While there are wide range of flavors in scotch, they are all made from the same basic set of ingredients: barley, yeast and water. Malting is a process by which the barley component of scotch is immersed in water several times over a period of two days. This is done to trick the barley into thinking that it’s time to germinate, and which ultimately means the complex sugars in the barley are broken down and become available as simple sugars and as is the case with all fermented beverages, sugar means food for yeast, which means fermentation.
So, the barley is tricked into germinating, placed in large drums for about five days, after which it is called the green malt. It is then dried in a kiln. Flavors can be imparted to what will become the final beverage at this point, not so much from the malt itself, but by what is used to heat it. One of the classic examples of this is in Islay, where there is little natural cleaning for fires — they burn peat instead, and this gives Islay scotch its distinctive peaty flavors. (The bottom of the kiln is perforated, so the smoke goes up into the malt).
As I mentioned, Speyside has the largest number of malt distilleries in Scotland, which is important because not all malting is done at individual distilleries. Many distilleries buy malt that is made according to their wishes at other places, then shipped to the distillery in question for fermentation.
OK, back to Speyside. They do the malting themselves.
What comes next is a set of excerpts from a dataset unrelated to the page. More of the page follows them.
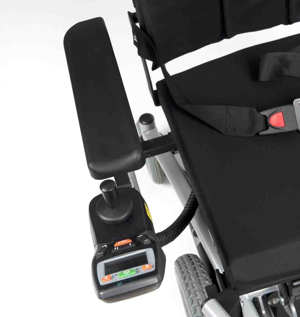 В комплектацию коляски входят регулируемые по высоте подлокотники и съемные подножки. В зависимости от физического состояния пользователя можно оптимально подстроить ширину, высоту и глубину сидения и угол наклона спинки до 40°. Для управления движением коляски используется легкий и надежный для пользователя пульт управления-джойстик, который может устанавливаться как под правую, так и под левую руку.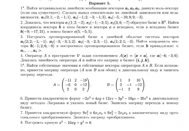 ДЗ 1: Линейная алгебра вариант 5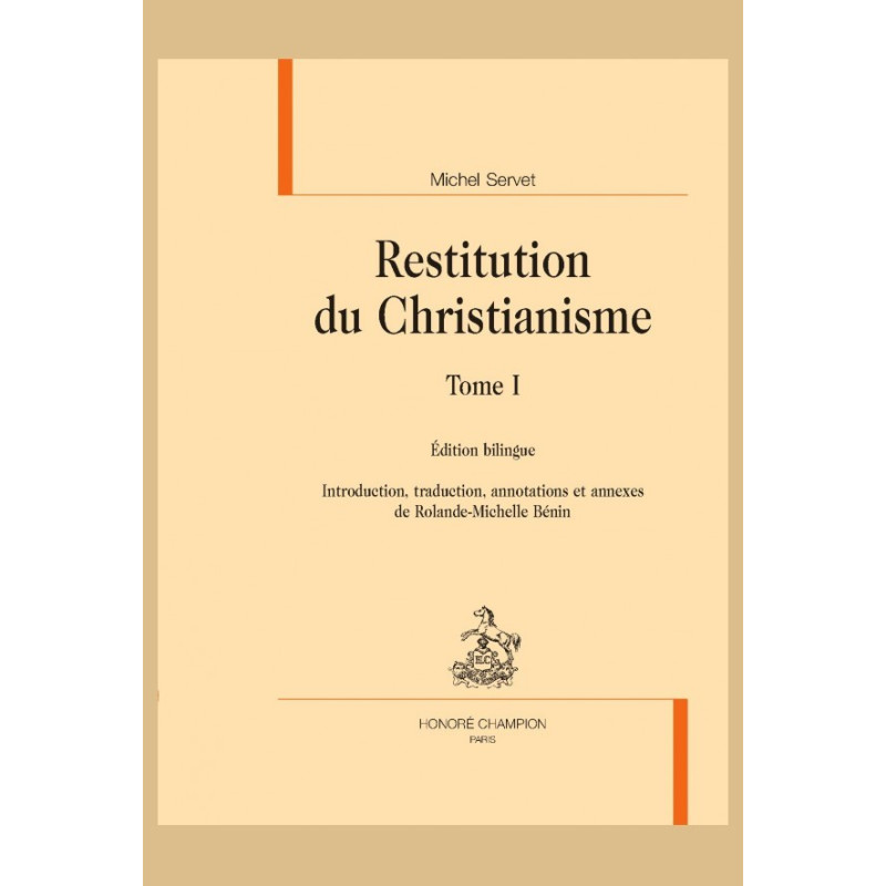 La Restitution du Christianisme est le grand-œuvre du médecin humaniste Michel Servet (1511-1553), dont l`histoire est liée à celle de Calvin. Éveillé par Érasme à l`antidogmatisme, Servet quitte la suite de Charles-Quint pour rejoindre les réformateurs rhénans, puis s`en sépare après ses deux premiers livres. Mu par " une sorte d`impulsion divine ", il proclame insuffisante la révolution luthérienne. Le christianisme reviendra à ses sources par une lecture renouvelée des textes fondateurs, à la lumière de la philologie et de l`histoire. Parallèlement à sa carrière scientifique, armé des axiomes d`Aristote et de la Bible, il convoque les Pères anténicéens pour construire avec les philosophes présocratiques, hermétiques et platoniciens, une cosmogonie en harmonie avec la révélation messianique. La Restitutio, au discours souvent autobiographique et lyrique, est la plus remarquable manifestation littéraire de la Réforme radicale. Après Les erreurs de La Trinité (2008), les Dialogues et La justice du royaume du Christ (2009), la Restitution est éditée avec sa première traduction française par R.M. Bénin, agrégée et docteur en Langues et Littératures anciennes, membre de l`Association Internationale d`Études Patristiques et du Michael Servetus` Institute.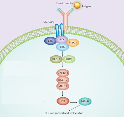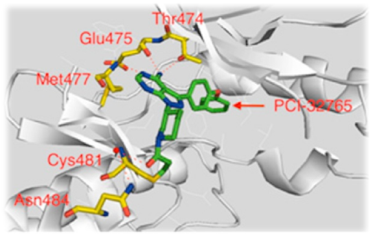 BTK激酶是一种蛋白质,在B细胞中表达,对B细胞受体信号通路起着非常关键的作用,对恶性B细胞的增殖、分化和凋亡有重要影响。2007,报道了第一个BTK抑制剂Ibrutinib(PCI-32765),与BTK活性位点中的半胱氨酸残基形成共价键,从而抑制BTK酶的活性。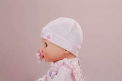 A 43 cm-es Annabell puha testtel rendelkezik, ami tökéletes az öleléshez és a gyengéd játékhoz. Az interaktív technológia természetes reakciókat biztosít – a cumi szopása vagy a cumisüvegből ivás közben mozgatja a száját, és helyzettől függően becsukja vagy kinyitja a szemét. A megnyugtató ringatásnak köszönhetően két irányban is könnyen elaltatható.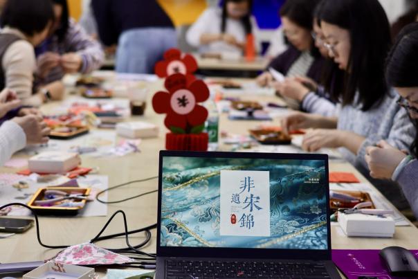 宋锦作为国家级非物质文化遗产,被誉为“锦绣之冠”,以纹样精致、色彩典雅、技艺精湛著称,承载着中华千年丝织文化的深厚底蕴。活动伊始,特邀老师围绕宋锦的历史渊源、工艺特点、文化内涵展开生动讲解,带领大家领略传统织锦技艺的独特魅力,感受非遗匠心之美。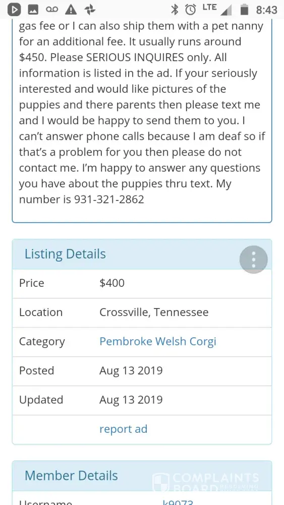 I encountered a person named Courtney Tipton, selling Pembroke/Cardigan cross Corgis for $400, supposedly in Crossville TN. Communicated decently, sent pictures of adorable puppy from an app in which her username was persian20191057. I paid the deposit. She even sent updated pics of "my" puppy. I then found an ad under the same username k9093 at Hoobly selling pugs in Fayetteville NC, with a different phone number but same exact and very specific wording in the ad. Claims to be deaf, so will not take calls. When asked about the pugs, she claims her account was hacked but all these complaints here against her prove otherwise (do a search here for Courtney Tipton). She was immediately defensive when I expressed my concerns and said she'd refund the deposit tonight. We'll see, but everything up to this point has been a lie so I'm sure that is also. I used PayPal friends and family. Big mistake on my part. What a disappointment. She's not just taking people's money, she's stealing their hopes, their eagerness for a puppy, and their trust. Beware anyone with the name Courtney Tipton, email c t i p 2229 (at) g m a i l. Phone number changes according to area she's claiming to sell from. I'm just glad we found out sooner rather than later. I should have known better. Wish I'd googled her name first!

And Speyside scotch tends to be produced in one of two styles. The first is light and tends to be quite fragrant with floral aromas, sometimes with significant malt flavors. Glenfiddich and Glenlivet fall into this category. The second type is richer in fruit and includes labels such as Cragganmore, Balvenie and Macallan. Best of all, whichever style you happen to prefer, these are all available at the New Hampshire State Liquor Stores.
Let’s look at two today:
The Glenrothes Sherry Cask Speyside Single Malt Scotch Whisky. 80 proof (40% alcohol by volume), $36.99, New Hampshire State Liquor Store: Medium intensity, it has a clean nose of medium intensity, and it’s dry, with warming alcohol, medium body, smooth texture and medium flavor intensity that includes flavors of sherry, reflecting the cask in which it was matured, some lime and other citrus hints, and a long finish.
The Glenrothes Bourbon Cask Speyside Single Malt Scotch Whisky. 80 proof (40% alcohol by volume), $36.99, New Hampshire State Liquor Store: Bourbon casking this time, also 80 proof, golden in color, also dry, with pronounced flavor intensity and a medium finish. The flavors include orange, hints of cedar and vanilla as well as a slight smokiness.